-- WHAT YOU ARE ASKED TO DO --
Nothing but the lines below, from the first through the line containing "Все же, если", should be set down, each one exactly and without pictures.
*** Opening of SOURCE RECORDS ***
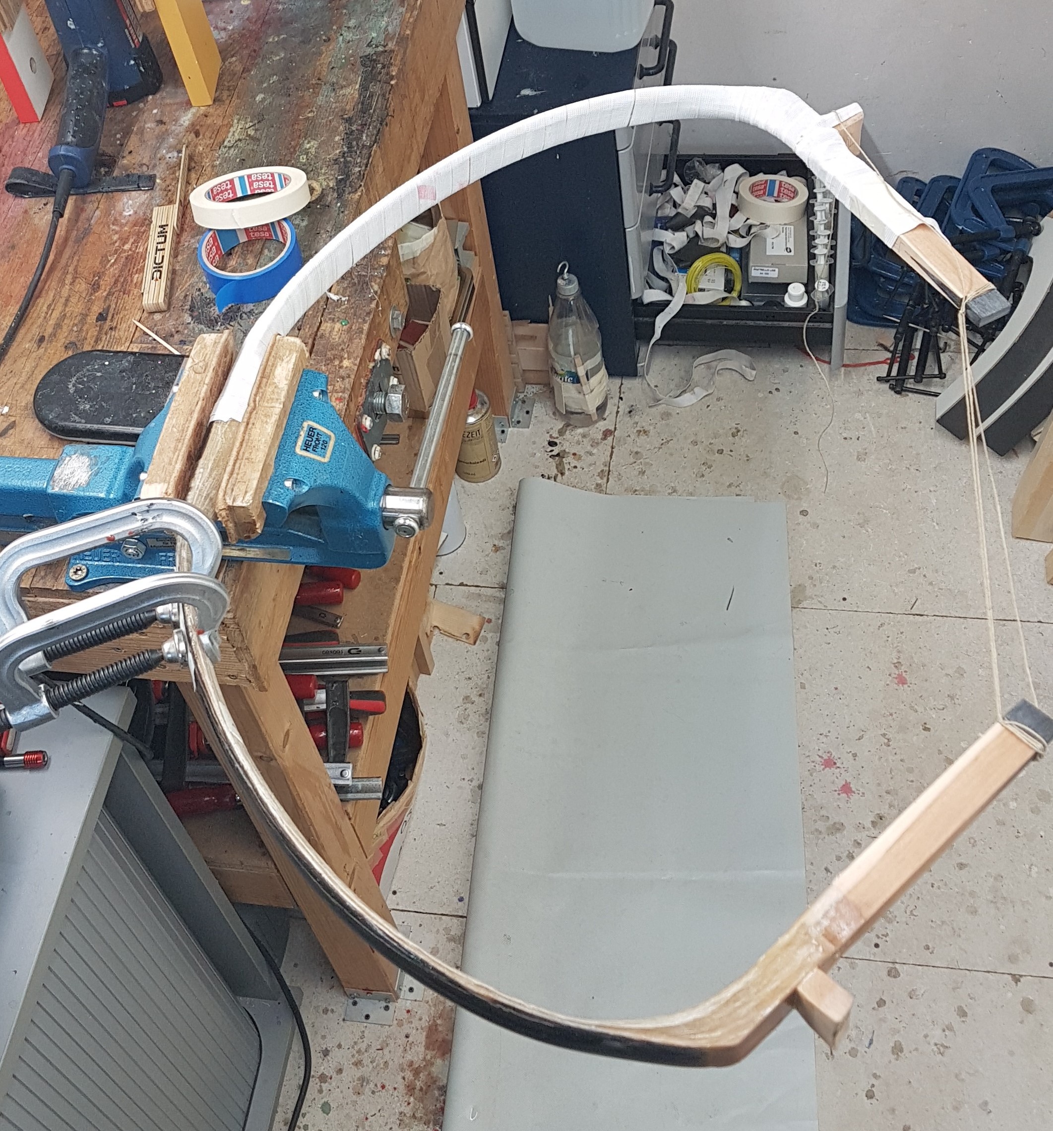 Weiter geht es mit dem nächsten Versuch den Bogen aufzuspannen, bzw. heute kam zunächst das einbinden dran.
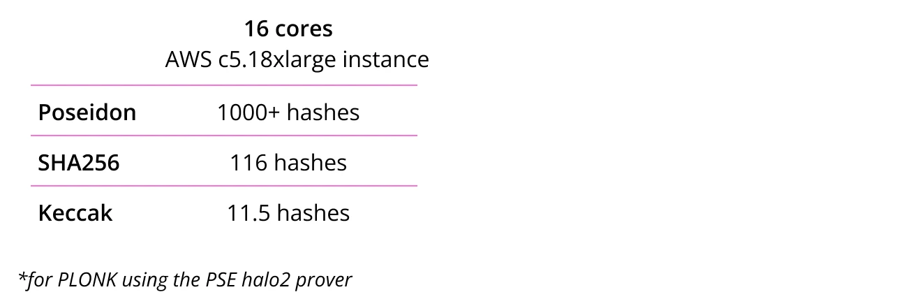 Poseidon 哈希函数在证明生成方面具有显著的速度优势。
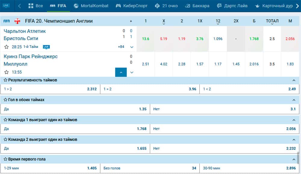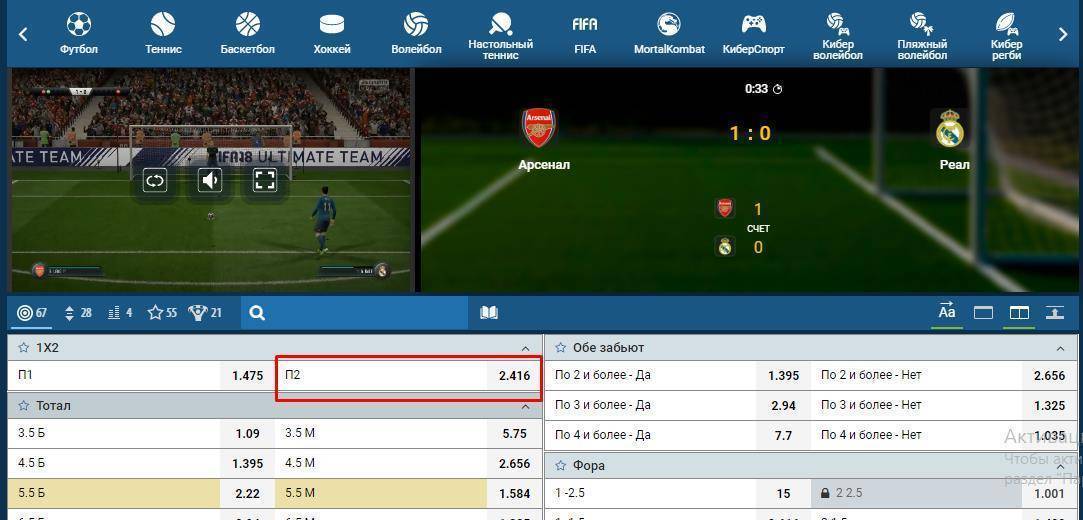 Все же, если брать в расчёт ставки на традиционный футбол и виртуальный, то мы найдем много общего. Я говорю об исходах. Здесь также есть ставки на победителя, форы, тоталы и другие.
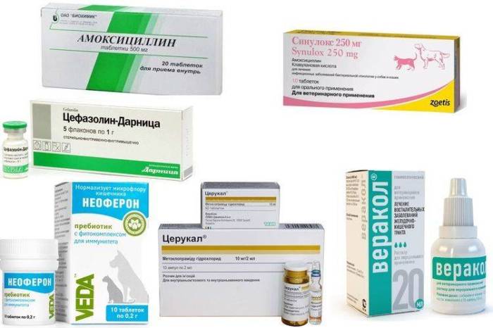 При сильном обезвоживании животному вводятся изотонические растворы, а в особо тяжелых случаях может понадобиться переливание крови. При рвоте применяют противорвотные препараты (Церукал или Веракол), а чтобы уберечь кошку от различных инфекций, вызванных размножением бактерий, потребуется использование антибактериальных препаратов (Кламоксил, Амоксицилин).
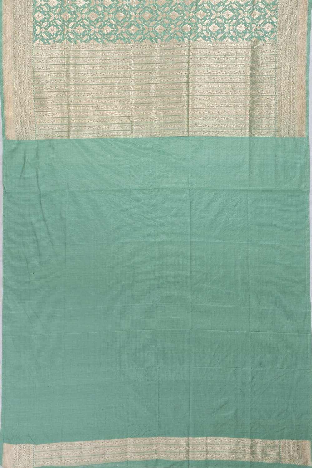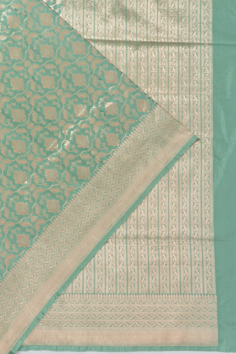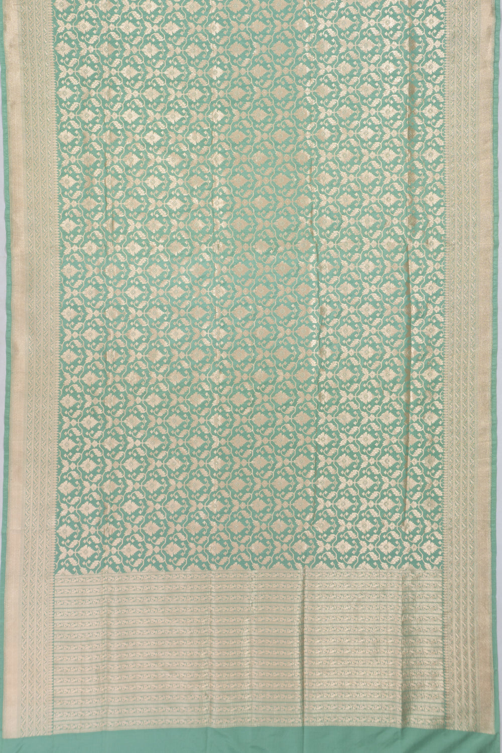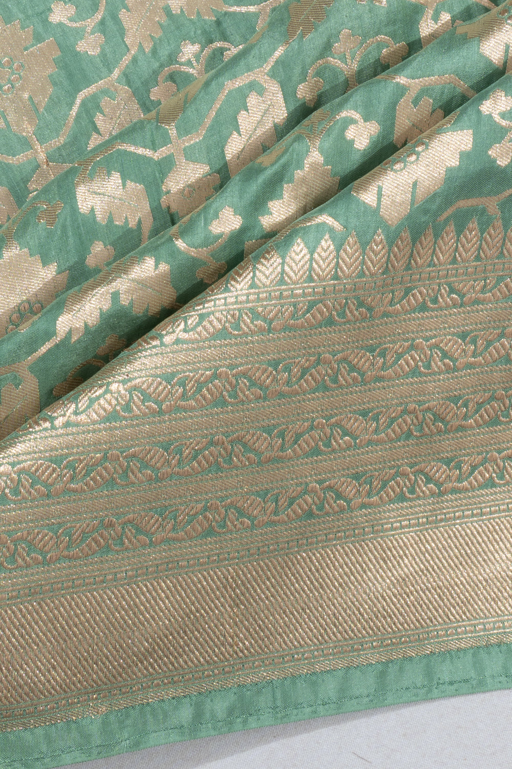 Gold zari floral brocade intricately woven on a soft pastel green Silk base, offering a delicate and fresh look.
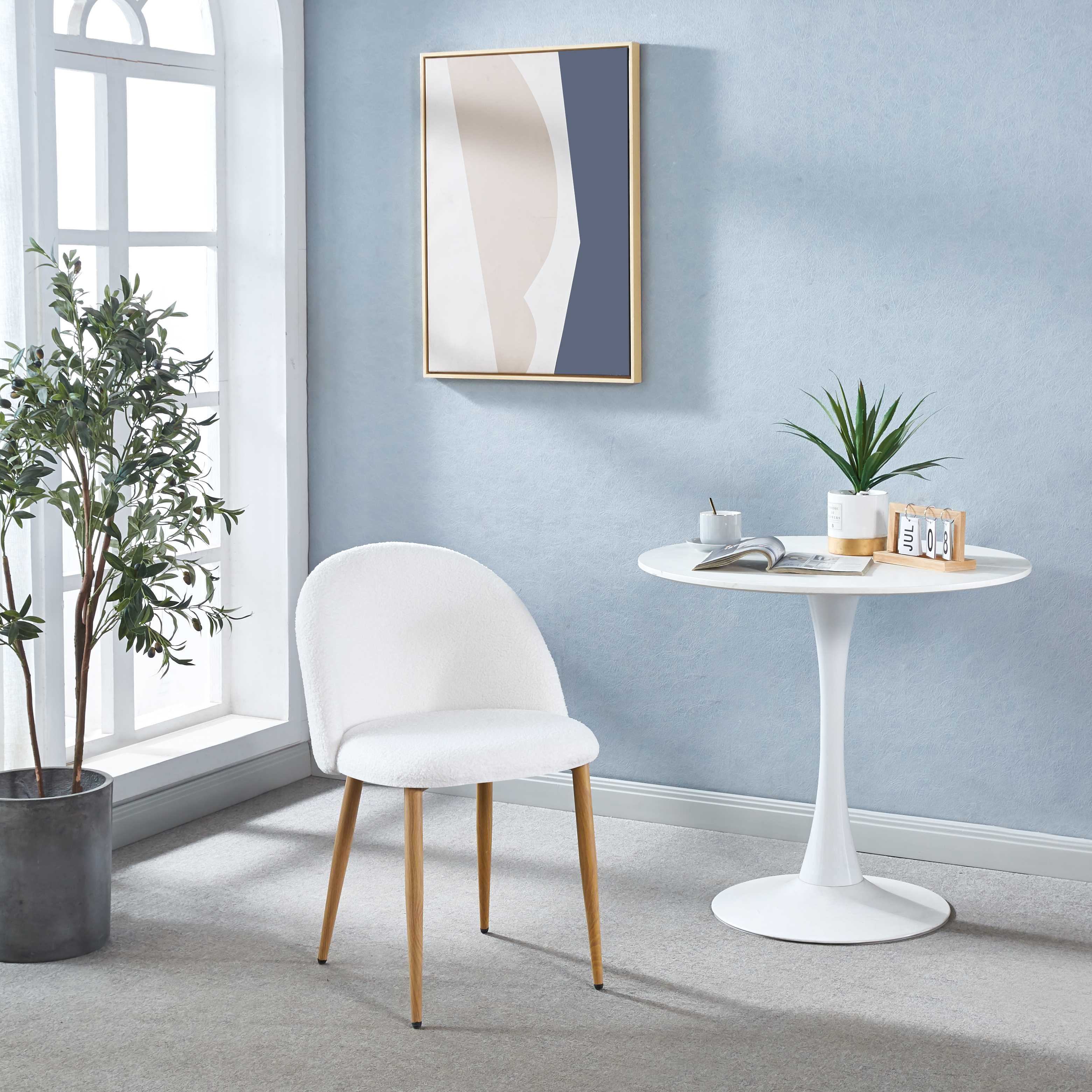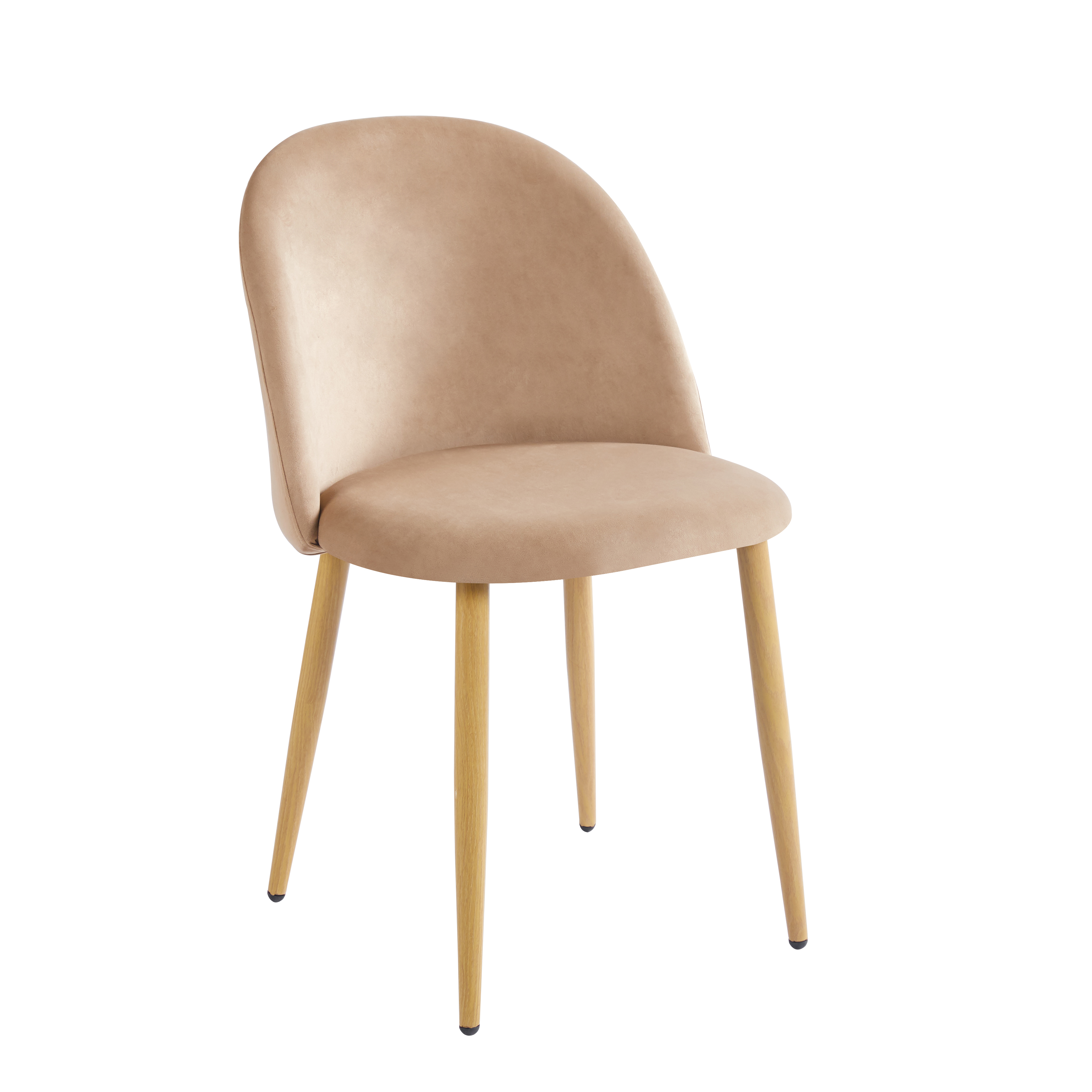 This chair features a minimalist and stylish design with smooth, rounded lines throughout. The curved backrest provides comfortable support. The seat is upholstered in a light beige fabric that is soft and delicate in texture, creating a gentle and elegant visual impression. The four slender metal legs have a slightly tapered design and are coated in light beige, harmonizing with the seat color for a lightweight yet stable overall look.¥ 0.00Buy now
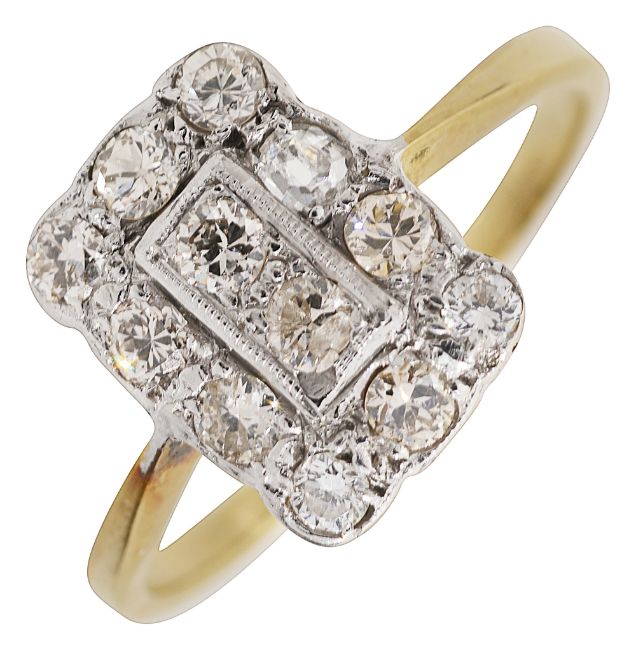 the rectangular plaque with cusped edges set with twelve brilliant-cut diamonds to the plain tapering shank stamped '18 CT'
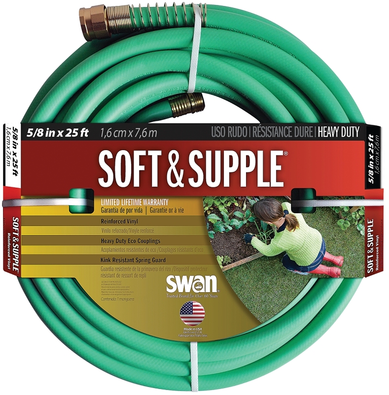 Extra-tough, 5-ply construction with soft-textured, abrasion-resistant cover and Seal-Tite leak-proof brass coupling. Dual reinforced, offers heavy-duty flexibility and kink resistance by combining durability of rubber with easy handling of vinyl.
*** Close of SOURCE RECORDS ***
-- RESPONSE BELOW --
 Weiter geht es mit dem nächsten Versuch den Bogen aufzuspannen, bzw. heute kam zunächst das einbinden dran.
 Poseidon 哈希函数在证明生成方面具有显著的速度优势。
 Все же, если брать в расчёт ставки на традиционный футбол и виртуальный, то мы найдем много общего. Я говорю об исходах. Здесь также есть ставки на победителя, форы, тоталы и другие.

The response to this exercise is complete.